The History: The custom of bouquets has its origin in ancient times. Women carried aromatic bunches of garlic, herbs and spices to ward off evil spirits.
In ancient Greece and Rome, the bride and groom wore a garland around their necks, symbolizing new life, hope and fertility. Traditional Celtic bouquets included ivy, thistle and heather. The garland was not made of flowers but of strong-smelling herbs and spices. The strong-smells were thought to have mystical powers and meant to keep away evil spirits.
When Queen Victoria married Prince Albert, the herbs and spices had been replaced by fresh flowers, especially marigolds. Edible flowers were still included in the bouquet. The bride would carry her arrangement as she walked down the aisle. The dill from the bride’s bouquet (also known as the herb of lust), was consumed by the bride, the groom, and their wedding guests during the reception, as the herb was meant to increase sexual desire.
In Victorian times, flowers became the secret messengers of lovers; each flower having its own meaning. It is believed that ‘the flower language’ began in Turkey during the seventeenth century. Lovers began using floral exchanges to convey messages. Thus bridal flowers were chosen with regard to their traditional significance.
Unfortunately many lovely flowers were assigned rather undeserved meanings. For many brides, these meanings continue to influence the types of flowers they included in their bouquets. These meanings were based on a science known as Florigraphy, ‘the flower language’. Many flower lovers followed this language as it revealed underlying messages to sending and receiving flowers.
However in our modern times, brides pick their flowers on their lovely colours and shapes. Lovely blooms that suit their personality, bridal gown and their own unique style and taste. Here are a Few examples of the different Styles, the important thing to remember with your Bridal bouquet is that you do not have to pick one style. For example you can have a “Hand Tied” “Free Form” “Cascade”…. each one is considered a different type of bouquet but when you put them all together you have a bouquet that is as unique as you are!

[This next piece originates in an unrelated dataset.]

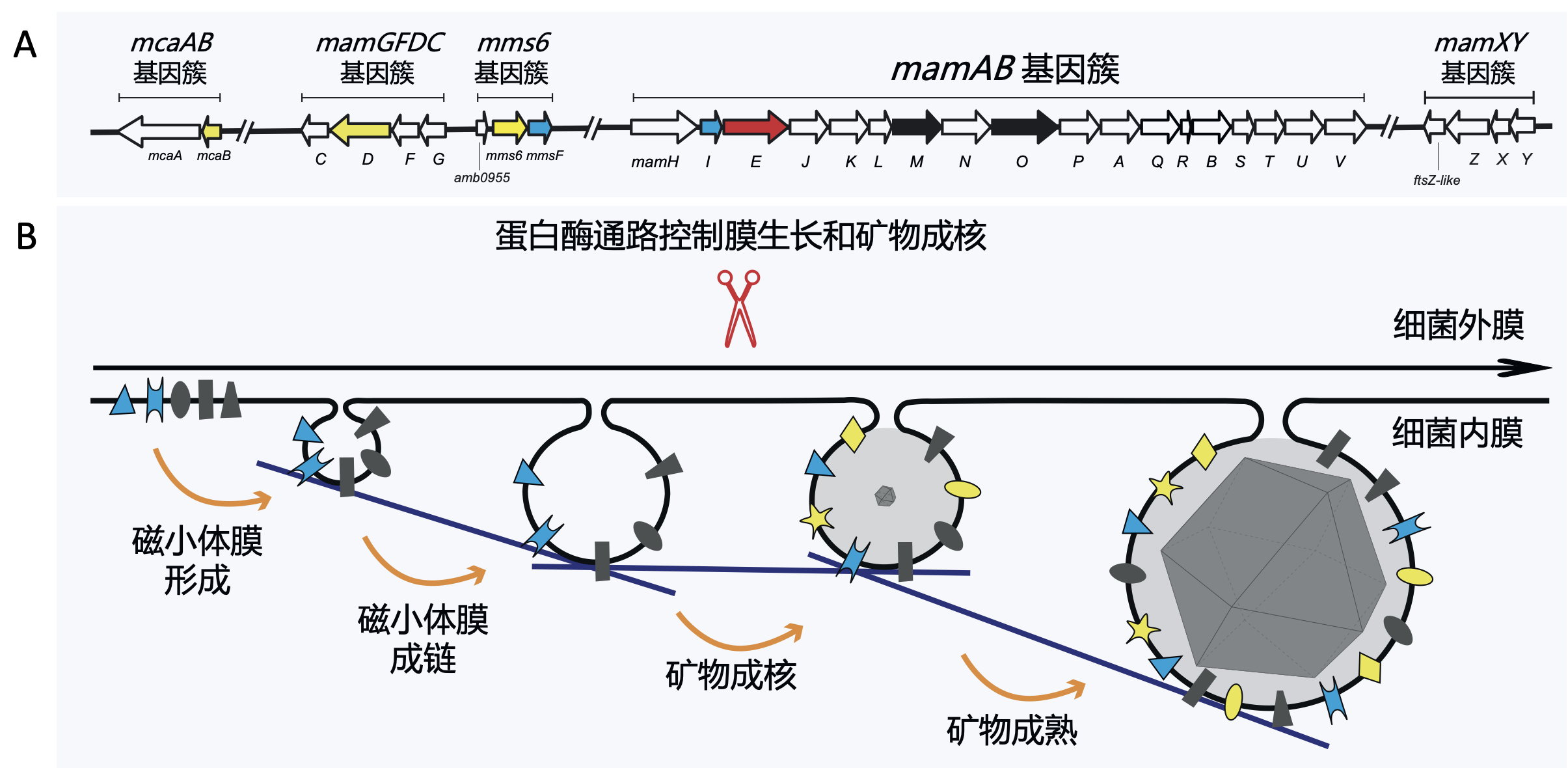 图2 模式趋磁细菌AMB-1中磁小体矿化机制。(A) AMB-1中参与磁小体矿化的五个关键基因簇。(B) 磁小体合成的不同步骤。蓝色和黄色表示不同蛋白质在不同阶段靶向到合成磁小体的细胞内膜上,红色表示MamE蛋白酶介导控制磁小体膜生长和矿物成核的调控通路
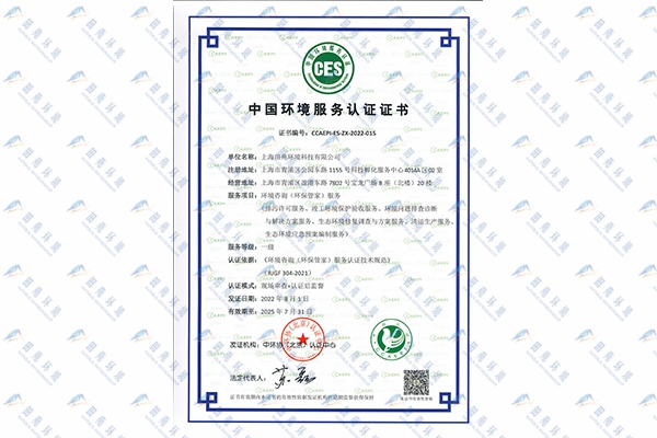 《中國環(huán)境服務(wù)認(rèn)證證書【環(huán)保管家一級】》

A nosegay bouquet is round in shape. But, compared to the round, the nosegay has less flowers and more greenery. The flowers for this bridal bouquet type is usually round in shape and equal in size.
A posy is also a round bouquet. The stems may be removed and wired or left as it is. Posy bouquets with stems kept are called the ‘natural stem posy bouquet’.
The shape of the beidermeier is also round. The beidermerier is quite unique because flowers of the same type is arranged in a circular pattern. Each ring will represent one type of flower. It can have as many rings as you would like and can even include non traditional elements like Nuts, Acorns, Berries, or Jewels.
A crescent bouquet can be symmetrical or assymmetrical. As the name suggests, the left and right side of the bouquet is seen to be flowing down. A symmetrical crescent bouquet has flowers and greenery arched at same lengths on both sides. Whereas the assymmetrical, has one side longer. Wedding gowns with a big and wide skirt are suitable with this type of bouquet. And if you carry it just below the waist, the beauty of the bouquet will stand out better.
Freeform / Contemporary
A freeform bouquet does not have a specific or defined shape. In fact, most freeform bouquets have foliage coming out of the bouquet. Tropical flowers are usually used for this type of wedding bouquet. This is a Style that can easily be combined with others to make a more unique look for your bridal bouquet. Often the more unconventional items are used in this style such as Curly Willow Branches, or Tropical Grasses and Foilage, Nuts, Fruits, Berries even things like Moss, and Natural Birds Nest or Mushrooms.
A composite bouquet is made of petals wired or glued together to form a single large bloom with a ribbon tied to it. This bouquet is very simple but not so popular these days. The best types of Flowers to use for this style of bouquet are Lillies, Roses, Orchids and some Tropical Flowers.
Instead of carrying a bridal bouquet, you can also carry a pomander. A pomander is a ball of flowers carried by a ribbon attach to it. Often these Bouquets are made up of Mums, Orchids, Spray Roses, Roses or Gerbera Daisies.
The teardrop bouquet is the sister of the cascade bouquet. While the cascade bouquet has a natural flow, the teardrop bouquet is more stiff. This bouquet is roundish at the top but pointy at the bottom. Often this type of bouquet is created in a foam form in order to get the rigid and exact placement more defined. This is more of a traditional and dated style, the more modern version of this bouquet is the cascade or cresent bouquet.
The hand tied bouquet is extremely popular with modern brides and has a natural feel and is unique because it has the ability to use almost any flower that will stay pretty out of water. Some flowers to stay away from are Pansies, Daffodils, and Stephanotis.
This style has unlimited possibilities. Some of the charm in this bouquet is that it is alway created with the natural stems showing using Ribbons to hold the flowers together. This also allows for an area to personalize the bouquet by adding antique brooches or family heirlooms to the bouquet.